A written and pictoral chronicle of the four days from Friday, November 22, 1963 through Monday, November 25, 1963 memorializing the death of beloved president John F. Kennedy. Over 80 black and white photos included.
A classic pictorial of the events of Kennedy's assassination in Dallas and the funeral in Washington, with details about the assassin, brought to the public as witnessed by the Associated Press. Studious readers will note that despite the somber and plodding tone of this volume as a memorial to the fallen president, it occasionally descends to morbidity - as it must in describing the awful news - as also it attempts to rise beyond rhetoric to a neutral, common-man theme still clearly biased by the political slant on balance from dreary communism toward patriotic democracy during the ongoing Cold War. Not a thorough, but close, treatment of the events of that week, readers should temper what they find here with the facts brought forth from the Warren Commission. Many will scoff at this suggestion due to our times of rearward-focused conspiracy theories. Historians will note, however, the accuracy of this chronology. As we muse on the import of JFK's legacy and failings, this book cannot help but remind us of the uselessness of violence and the emptiness of positional power to resolve the world's problems.

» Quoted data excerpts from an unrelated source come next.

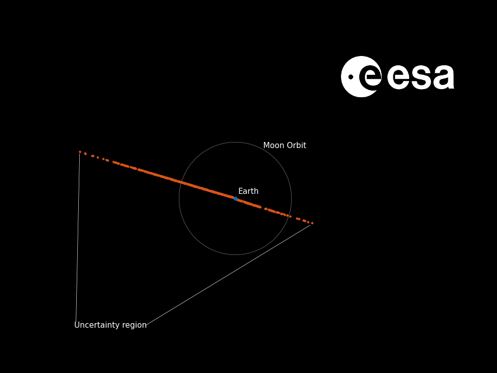 In December 2024, the Minor Planet Center (MPC) of the International Astronomical Union (IAU) reported the discovery of an asteroid designated as 2024 YR4. The asteroid is expected to pass close to Earth on 22 December 2032. Since we do not have the exact trajectory data, we cannot tell how close an encounter that will be. The following image taken from the European Space Agency web site shows the risk corridor. The red line is a Monte Carlo simulation comprising 500 points showing where the asteroid might pass. The risk is higher where the red dots are denser. The probability of a direct Earth hit is 1 in 40 based on this simulation.
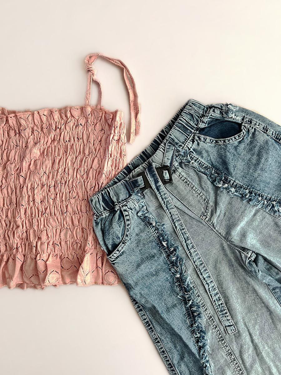 تاپ موجود فری سایز با کشسانی بود و کراپ کار قابلیت تنظیم سایز دارند.
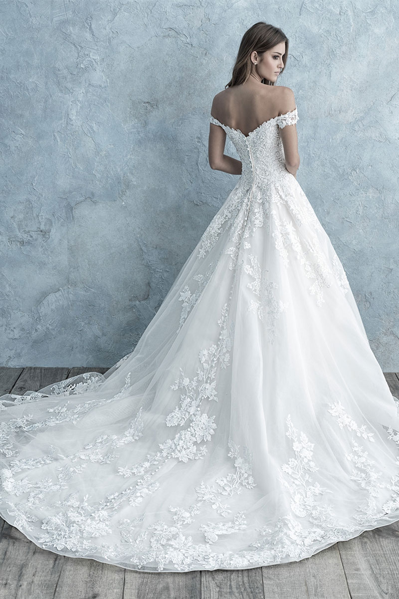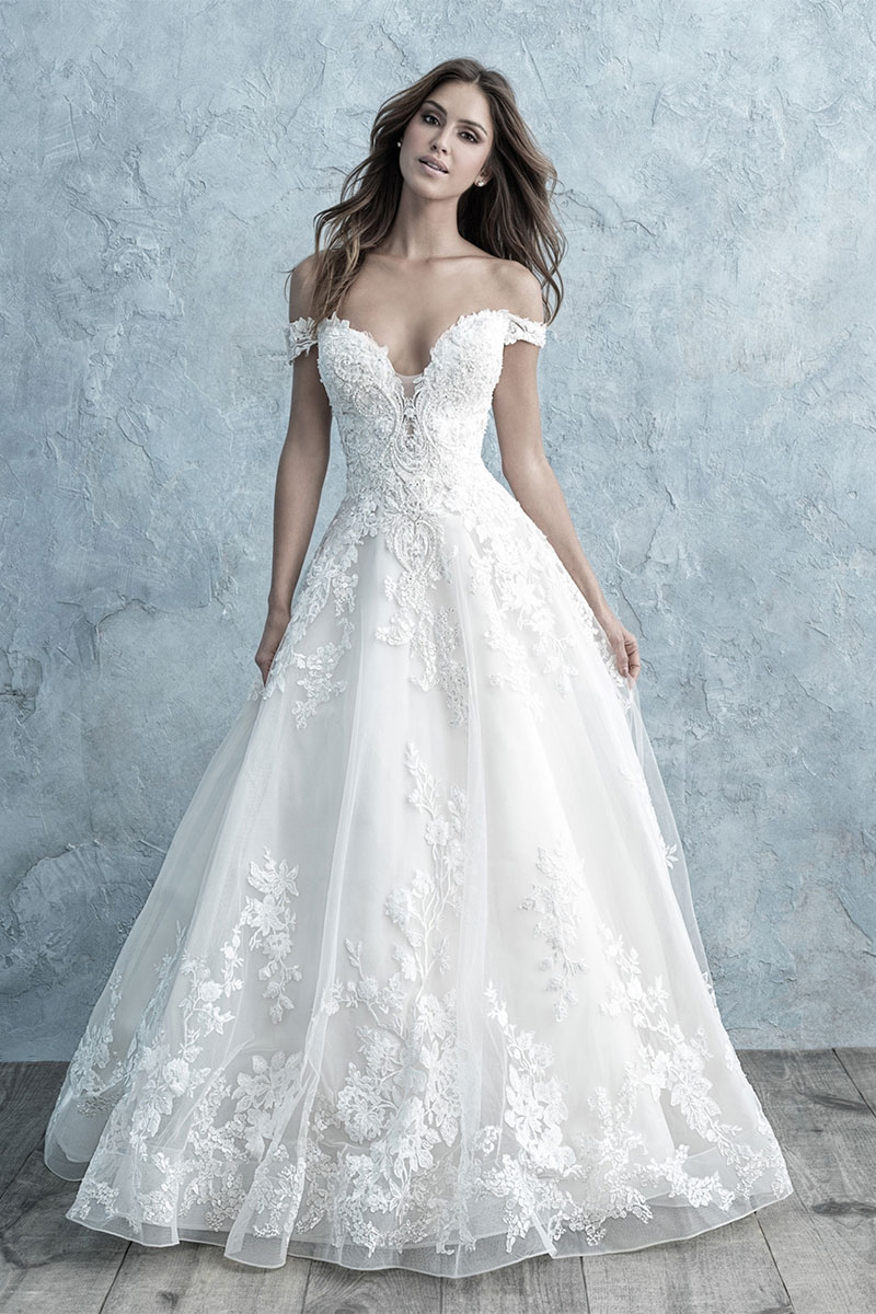 This elegant ballgown embodies all things romantic, featuring off-shoulder sleeves and lace galore.

Breathtaking, absolutely breathtaking. The way humanity is infused into history, that seems like a given but so much of history is just a retelling a facts and, for brevity’s sake most likely, leaves out the feelings. But isn’t history just humanity and isn’t humanity just a collection of feelings. I wish there were more historical writings like this, the movies take it to far into fiction and the books are dry outlines. This however is the perfect merging of the two, the facts of the day as well as the raw emotion all alongside stunning photographs. Like i said, breathtaking.
What can one say, really? The photographs tell the story and the words are just guidelines to the events. The tragedy is there in the eyes, captured, for those that lived it.
The Associated Press, in 1964, echoed the story of the Warren Commission that Oswald was the lone assassin of President Kennedy. Great photography and some wonderful historical information (for what was known in 1964).